• Problem details: Every line of the material must be copied exactly.

• Provided data:
_ _ _ _ _ _ _
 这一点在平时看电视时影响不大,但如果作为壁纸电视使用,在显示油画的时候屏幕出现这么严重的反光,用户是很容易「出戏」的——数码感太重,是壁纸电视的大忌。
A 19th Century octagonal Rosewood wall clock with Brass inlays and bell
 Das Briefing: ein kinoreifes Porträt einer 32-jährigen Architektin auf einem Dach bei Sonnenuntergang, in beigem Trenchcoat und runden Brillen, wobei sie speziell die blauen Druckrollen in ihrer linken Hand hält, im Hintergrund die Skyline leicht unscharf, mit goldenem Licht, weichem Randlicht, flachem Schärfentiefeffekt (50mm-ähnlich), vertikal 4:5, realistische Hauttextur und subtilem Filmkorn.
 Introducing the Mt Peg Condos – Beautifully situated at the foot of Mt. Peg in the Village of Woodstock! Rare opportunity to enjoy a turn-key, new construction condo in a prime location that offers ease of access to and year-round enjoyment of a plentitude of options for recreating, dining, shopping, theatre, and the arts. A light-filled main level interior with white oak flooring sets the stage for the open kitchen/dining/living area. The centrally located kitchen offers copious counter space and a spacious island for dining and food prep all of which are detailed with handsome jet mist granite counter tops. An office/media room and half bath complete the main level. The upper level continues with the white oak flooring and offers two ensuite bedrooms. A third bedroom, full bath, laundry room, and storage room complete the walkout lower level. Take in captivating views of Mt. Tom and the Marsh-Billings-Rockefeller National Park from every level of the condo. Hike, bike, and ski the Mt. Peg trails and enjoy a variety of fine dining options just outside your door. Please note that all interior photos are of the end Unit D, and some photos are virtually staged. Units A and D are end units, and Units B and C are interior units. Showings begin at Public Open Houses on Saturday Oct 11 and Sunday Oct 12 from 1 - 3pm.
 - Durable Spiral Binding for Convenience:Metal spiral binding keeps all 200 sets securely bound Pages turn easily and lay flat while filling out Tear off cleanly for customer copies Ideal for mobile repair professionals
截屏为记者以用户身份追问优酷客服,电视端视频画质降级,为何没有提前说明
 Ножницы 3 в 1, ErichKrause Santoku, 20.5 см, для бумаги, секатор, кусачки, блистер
_ _ _ _ _ _ _
• Answer to this task:
 这一点在平时看电视时影响不大,但如果作为壁纸电视使用,在显示油画的时候屏幕出现这么严重的反光,用户是很容易「出戏」的——数码感太重,是壁纸电视的大忌。
A 19th Century octagonal Rosewood wall clock with Brass inlays and bell
 Das Briefing: ein kinoreifes Porträt einer 32-jährigen Architektin auf einem Dach bei Sonnenuntergang, in beigem Trenchcoat und runden Brillen, wobei sie speziell die blauen Druckrollen in ihrer linken Hand hält, im Hintergrund die Skyline leicht unscharf, mit goldenem Licht, weichem Randlicht, flachem Schärfentiefeffekt (50mm-ähnlich), vertikal 4:5, realistische Hauttextur und subtilem Filmkorn.
 Introducing the Mt Peg Condos – Beautifully situated at the foot of Mt. Peg in the Village of Woodstock! Rare opportunity to enjoy a turn-key, new construction condo in a prime location that offers ease of access to and year-round enjoyment of a plentitude of options for recreating, dining, shopping, theatre, and the arts. A light-filled main level interior with white oak flooring sets the stage for the open kitchen/dining/living area. The centrally located kitchen offers copious counter space and a spacious island for dining and food prep all of which are detailed with handsome jet mist granite counter tops. An office/media room and half bath complete the main level. The upper level continues with the white oak flooring and offers two ensuite bedrooms. A third bedroom, full bath, laundry room, and storage room complete the walkout lower level. Take in captivating views of Mt. Tom and the Marsh-Billings-Rockefeller National Park from every level of the condo. Hike, bike, and ski the Mt. Peg trails and enjoy a variety of fine dining options just outside your door. Please note that all interior photos are of the end Unit D, and some photos are virtually staged. Units A and D are end units, and Units B and C are interior units. Showings begin at Public Open Houses on Saturday Oct 11 and Sunday Oct 12 from 1 - 3pm.
 - Durable Spiral Binding for Convenience:Metal spiral binding keeps all 200 sets securely bound Pages turn easily and lay flat while filling out Tear off cleanly for customer copies Ideal for mobile repair professionals
截屏为记者以用户身份追问优酷客服,电视端视频画质降级,为何没有提前说明
 Ножницы 3 в 1, ErichKrause Santoku, 20.5 см, для бумаги, секатор, кусачки, блистер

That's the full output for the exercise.